Ли отметила, что оказалась в числе восхищавшихся, но в то же время испытывающих двойственные чувства женщин. Она стояла прижав к пылающей щеке прохладный хрусталь бокала с шампанским, и, наблюдая за матерью, удивлялась, как могла столь восхитительная Кейт произвести на свет ребенка с таким непохожим на ее собственный темпераментом. Ли обожала мать, как почти все, кто знакомился с ней поближе, но она давно распрощалась с надеждой на внимание мужчин, если рядом была Кейт. Пустые хлопоты.
В этот вечер Ли выглядела прекрасно: длинные золотистые волосы стянуты в довольно тугой узел на затылке, умеренный макияж, черное креповое платье от Энн Тейлор до колен подчеркнуто пестрым жакетом и черными замшевыми туфлями на высоких каблуках.
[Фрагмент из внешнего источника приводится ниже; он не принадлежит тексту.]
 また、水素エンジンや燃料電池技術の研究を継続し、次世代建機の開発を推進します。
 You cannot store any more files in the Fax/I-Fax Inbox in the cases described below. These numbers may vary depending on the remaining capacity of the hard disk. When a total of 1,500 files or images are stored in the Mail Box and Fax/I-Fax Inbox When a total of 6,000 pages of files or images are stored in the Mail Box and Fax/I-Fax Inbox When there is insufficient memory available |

Сам по себе наряд был потрясающий, но он проигрывал рядом с лиловым платьем Кейт от Оскара де ла Ренты.
Никто, пожалуй, не смог бы назвать Ли застенчивой. Возможно, сдержанной. Задумчивой. Если она и была по своему настойчивой, то ее энергия скрывалась внутри. Ли была «глубоким прудом, чья вода залита лунным светом, гораздо более недоступным и загадочным, чем ее сверкающая мать», — во всяком случае, так утверждала колонка светской хроники одного из журналов. Кейт возразила против этого. «Неужели они действительно считают, что я не загадочная? — спросила она после прочтения этого пассажа за завтраком. — Как странно».
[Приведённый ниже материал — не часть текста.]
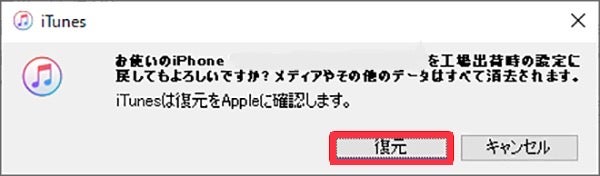 Step2:確認画面が表示されますので、「復元」をクリックします。初期化が完了すると、iTunesの画面が切り替わります。

И вот теперь Ли, несколько забавляясь, смотрела, как ее мать поймала Доусона Рида, совещавшегося с группой молодых адвокатов. Кейт заботливо поправила его галстук-бабочку, а затем отправила за клюквенным соком с перье — ничего крепче она никогда не пила. Ли почти видела, как пульсировала кровь в висках Доусона, когда он извинялся перед своими протеже и пошел выполнять поручение Кейт. Никто во всем цивилизованном мире не посмел бы использовать Доусона Рида в качестве мальчика на побегушках, кроме матери Ли.
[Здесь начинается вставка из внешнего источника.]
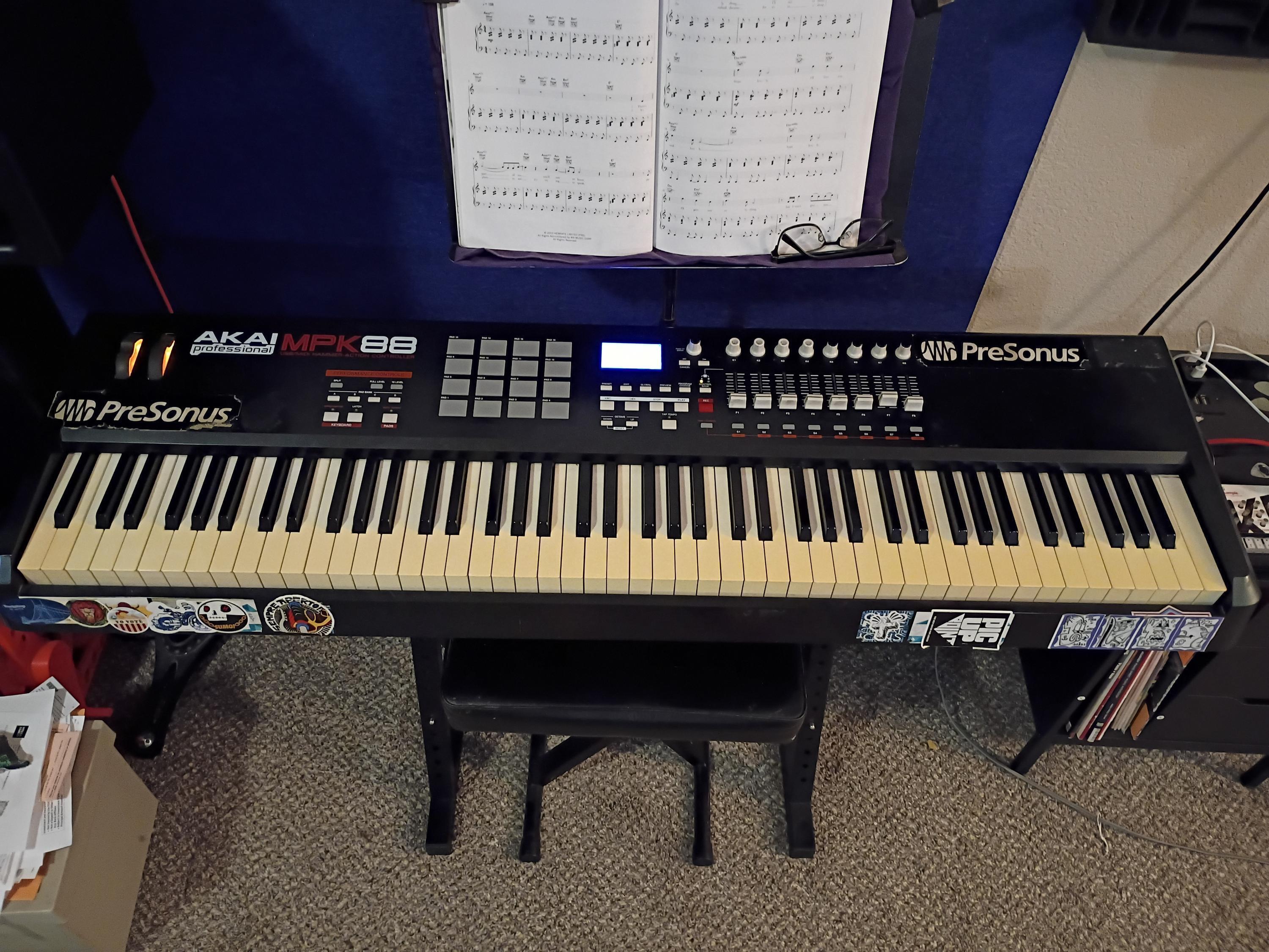 Mostly functional MIDI controller. MIDI I/O needed for this item as the USB port is non-functional. Everything else works though. Scrapes, stickers, yellowed keys, & cosmetic blemishes on this item. 88 fully weighted keys make this a great practice-piece for piano players. Connects to & controls outboard & digital synths/drum machines. Power supply included. Pick up only.

Это была одна из причин, по которой она любила Кейт.
И это была одна из основных причин, по которым Ли любила Доусона. Он не мог устоять перед ее матерью. Они с Кейт слишком схожи, чтобы быть совместимыми. По крайней мере они не могли объединиться и напуститься на Ли, заставляя ее стать более общительной. Они оба считали ее слишком замкнутой и слегка сдвинутой в том, что касалось ее работы.
— Кейт сегодня в наилучшей форме, — проворчал Доусон несколько мгновений спустя, присоединившись к Ли в задней части зала, где она тихо дожидалась, пока все рассядутся в предвкушении аукциона. Ли всегда была скорее наблюдателем жизни, чем ее участником. Пожалуй, только два дня назад… когда мужчина, которого она никогда раньше не видела, прижал ее к стене, грубо дал волю рукам и приказал вести себя так, будто ей это нравится, она впервые почувствовала, что действительно живет.
Ли озорно улыбнулась и протянула свой полный до краев бокал шампанского жениху:
— Что ты сделаешь, если я поправлю твой галстук и попрошу принести мне свежего шампанского?
Доусон покраснел, поняв, что скомпрометирован.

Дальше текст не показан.